Wounder if it actually works and how long that baffle holds up for.


----------



## rselectric1 (Sep 20, 2009)

I'll continue to trust water as a perfect seal as opposed to some bozo's diaphragm any day.


----------



## mehtwo (Nov 14, 2010)

rselectric1 said:


> I'll continue to trust water as a perfect seal as opposed to some bozo's diaphragm any day.


I do agree with you to a certain extent.
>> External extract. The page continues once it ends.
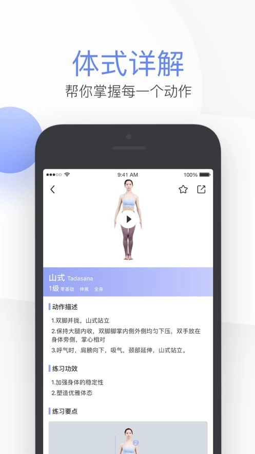 2、全屏显示,瑜伽练习过程年全市语音指导,各种背景音乐的贯穿获取,可轻松帮助用户随时规划;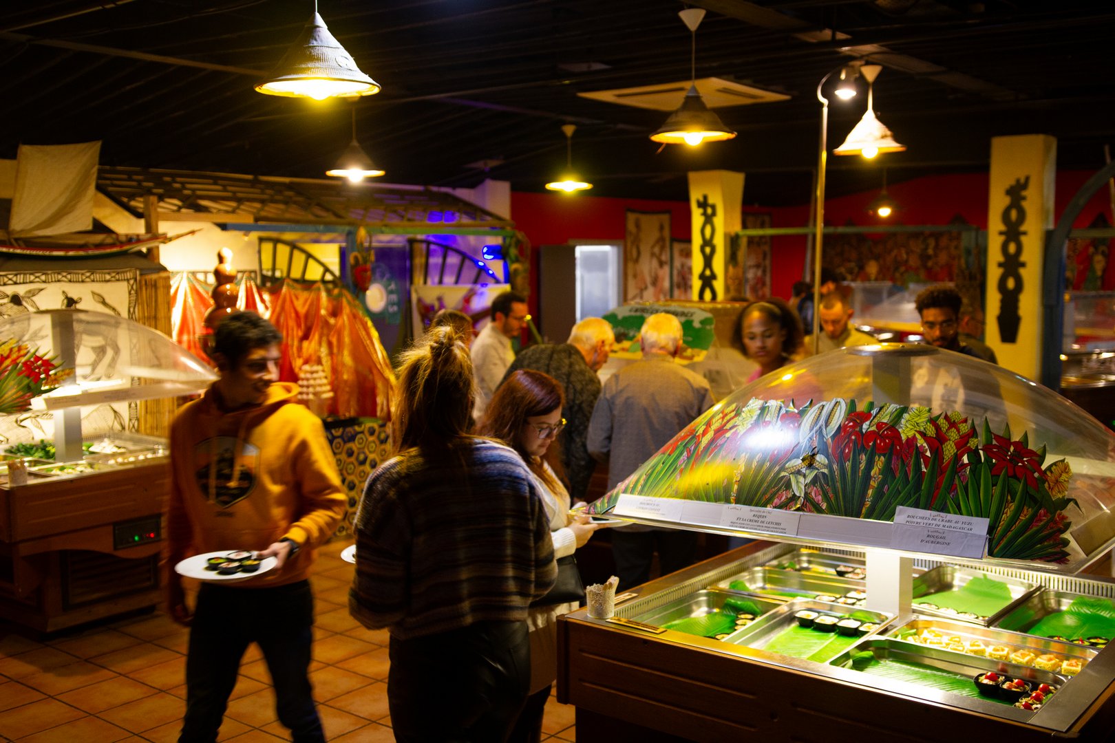 Le voyage débute avec des niama niama et se poursuit à travers un formidable choix de plats savoureux, à volonté, une diversité remarquable : malgaches, tahitiennes, réunionnaises, ivoiriennes, mauriciennes, indiennes... Chaque spécialité est une invitation au voyage, les saveurs restent en bouche et permettent de déguster pleinement chaque plat.

It would be really a "life saver" in tight places especially in RVs.


----------



## Tinstaafl (Jan 6, 2008)

I won't claim water's a perfect seal, but get one little piece of crud in that diaphragm and it's not going to be doing its job.

Still, nice to have an alternative available.


----------



## mehtwo (Nov 14, 2010)

Splinter hands said:


> Wounder if it actually works and how long that baffle holds up for.


I'm very curious myself, this water around here really help keep the plumbers in business. :laughing:


There is a video on the link:


----------



## mehtwo (Nov 14, 2010)

Tinstaafl said:


> I won't claim water's a perfect seal, but get one little piece of crud in that diaphragm and it's not going to be doing its job.


Good point!:thumbsup:


----------



## ohiohomedoctor (Dec 26, 2010)

I alway just seal mine off with epoxy :laughing:


----------



## Tech Dawg (Dec 13, 2010)

The RV industry is notorious for making parts and products for the units that cost a hefty dime to service or replace... Kinda like General Motors... Id think its good for RV's only because they are typically not permanant or functioning 12 months a year... Unless u live in a van down by the river :laughing:


----------



## ohiohomedoctor (Dec 26, 2010)

Tech Dawg said:


> The RV industry is notorious for making parts and products for the units that cost a hefty dime to service or replace... Kinda like General Motors... Id think its good for RV's only because they are typically not permanant or functioning 12 months a year... Unless u live in a van down by the river :laughing:


That being said why wouldnt you empty the sump tank, and whats a little poop smell when you live by the river.


----------